Hon. Tom Udall, Attorney General, Steven
S. Suttle, Assistant Attorney General, Santa Fe, NM, for Respondent.
RICHARD E. RANSOM, Justice. WE CONCUR:
JOSEPH F. BACA, Justice, PAMELA B. MINZNER, Justice.
AUTHOR: RICHARD E. RANSOM
{*73} ORIGINAL
PROCEEDING ON CERTIORARI
{1} Reginald Jones was
convicted of armed robbery and attempted armed robbery.
See NMSA 1978, §
30-16-2 (Repl. Pamp. 1994) (robbery) and NMSA 1978, §
30-28-1 (Repl. Pamp.
1994) (attempt). The Court of Appeals affirmed.
State v. Jones,
121 N.M.
383, 386,
911 P.2d 891, 894 . We granted certiorari to review questions of
racial discrimination in the peremptory challenge of a juror.
State v. Jones,
121 N.M. 299,
910 P.2d 933 (1996). First, we hold that, under
Batson v.
Kentucky, 476 U.S. 79, 97-98, 90 L. Ed. 2d 69, 106 S. Ct. 1712 (1986), the
prosecutor responded to Jones' prima facie showing of discrimination with a
race-neutral explanation that the prospective juror was peremptorily excused
because he was non-assertive and failed to make eye contact; second, we observe
that the
Batson analysis is here unaffected by
Purkett v. Elem,
514 U.S. 765, 115 S. Ct. 1769, 131 L. Ed. 2d 834
{*74}
(1995) (per curiam); and third, we apply a de novo standard in reviewing
the legal adequacy of the prosecutor's explanation under our
Batson
jurisprudence. We affirm the convictions.
{2} Facts. During jury
selection, the State peremptorily challenged an African-American juror. Jones
objected with a prima facie showing of racial discrimination in that he is
African-American and the challenged juror was the only African-American in the
venire who could serve on the jury.
See Batson, 476 U.S. at 96. The
prosecutor stated that he challenged the juror "because he absolutely
failed to establish eye contact with the State during questioning, and in the
State's amateur psychological opinion, seemed not to be possessed of a certain
degree of assertiveness which the State prefers to have in jurors." Jones
replied that the prosecutor's explanation was insufficient because it was
subjective and there was no indication of how the prosecutor tried to establish
eye contact. Jones adduced no further evidence that the prosecutor's
race-neutral explanation was pretextual. The trial court found the prosecutor's
explanation to be "reasonable" and overruled Jones' objection.
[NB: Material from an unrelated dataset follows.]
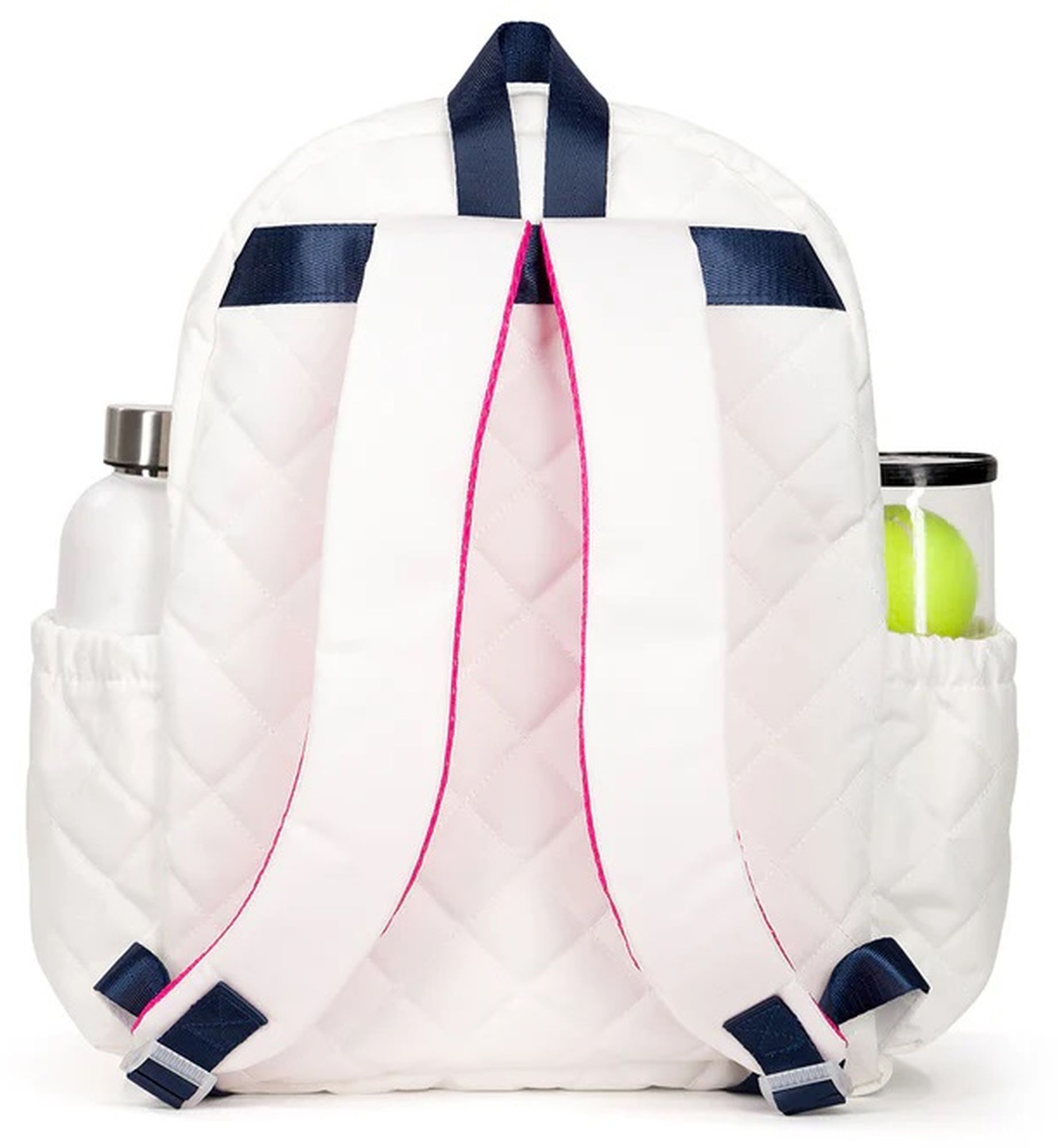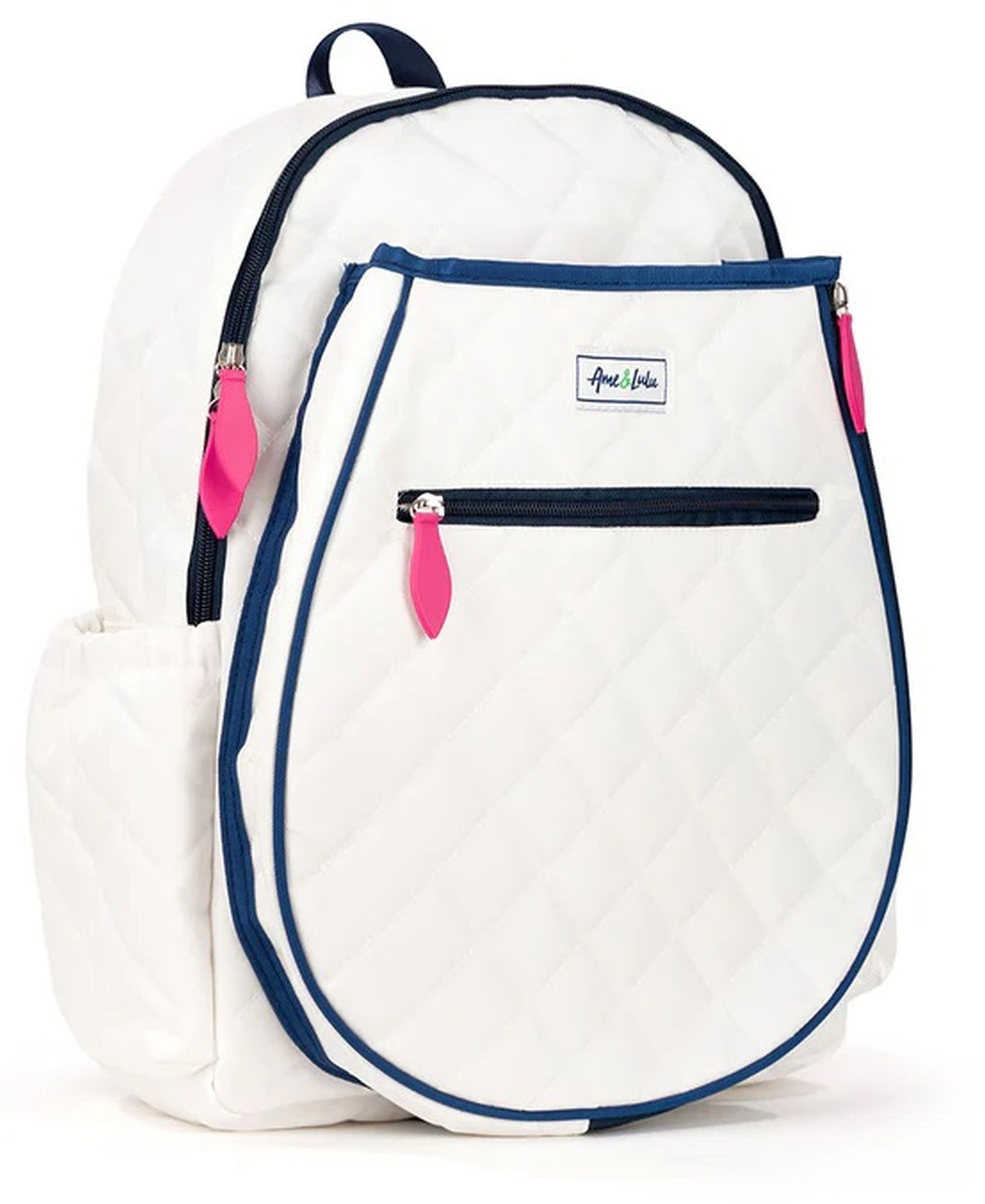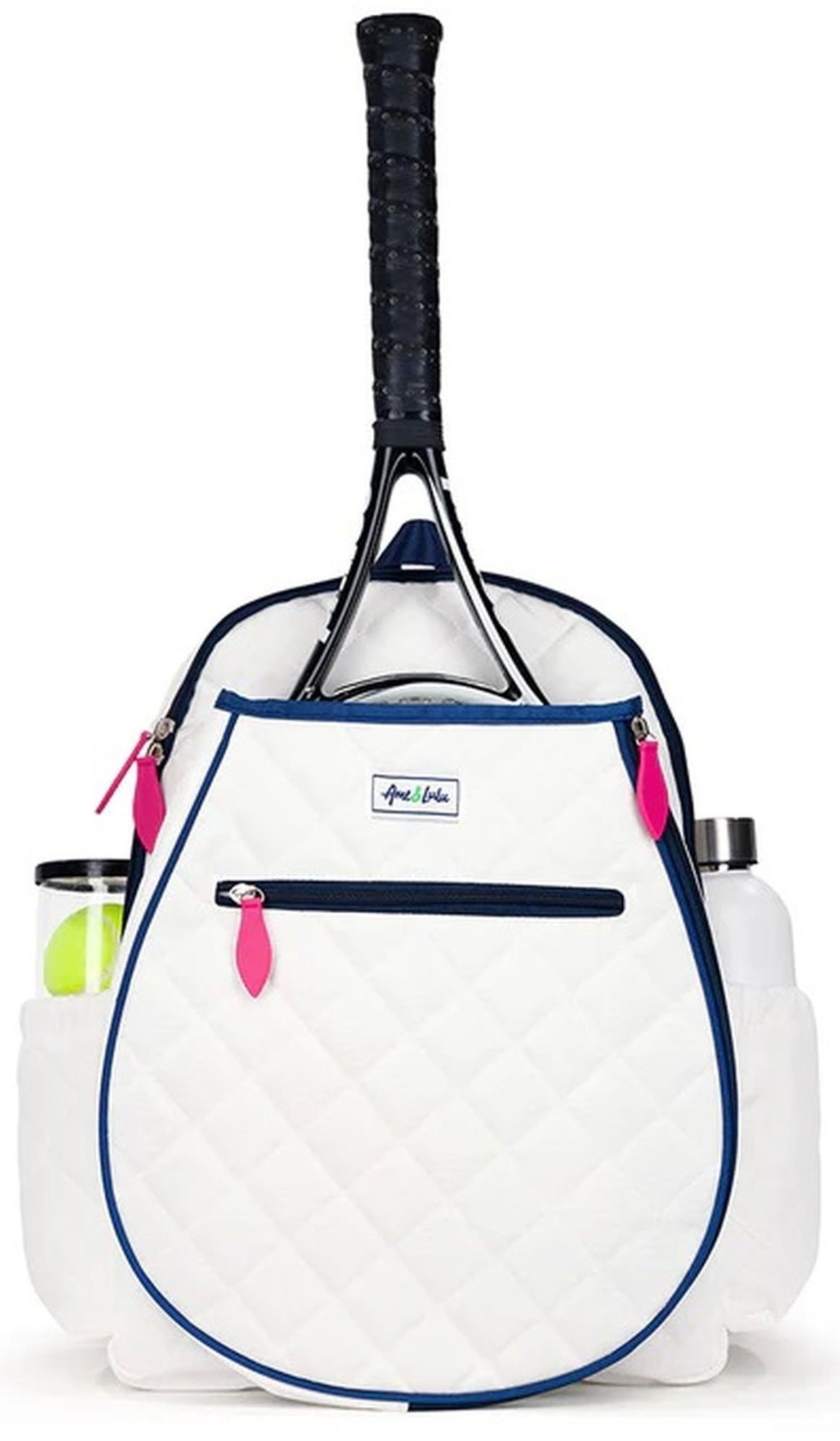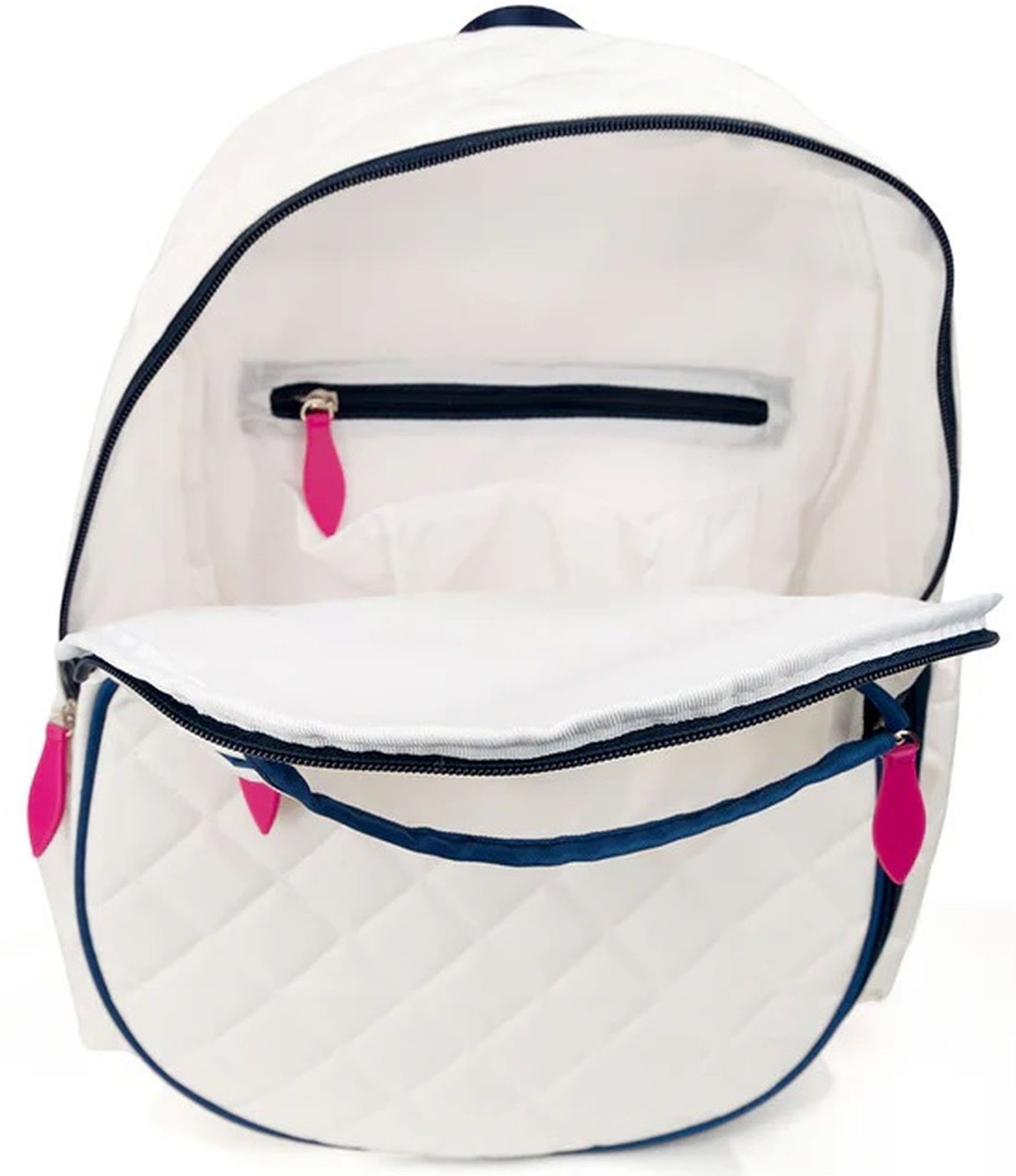 Ame & Lulu Junior Love Tennis Backpack (Quilted White/Navy/Pink) (Model #JLTBP320)

{3} Step two under Batson.
In
Batson, the U.S. Supreme Court outlined a three-step procedure for
trial courts to determine whether a prosecutor has discriminated on the basis
of race in the use of peremptory challenges.
Id. at 96-98. In the first
step, the defendant must make a prima facie case of racial discrimination.
Next, the prosecutor is required to "articulate a neutral explanation
related to the particular case to be tried."
Id. at 98. In
Hernandez
v. New York, 500 U.S. 352, 360, 114 L. Ed. 2d 395, 111 S. Ct. 1859 (1991)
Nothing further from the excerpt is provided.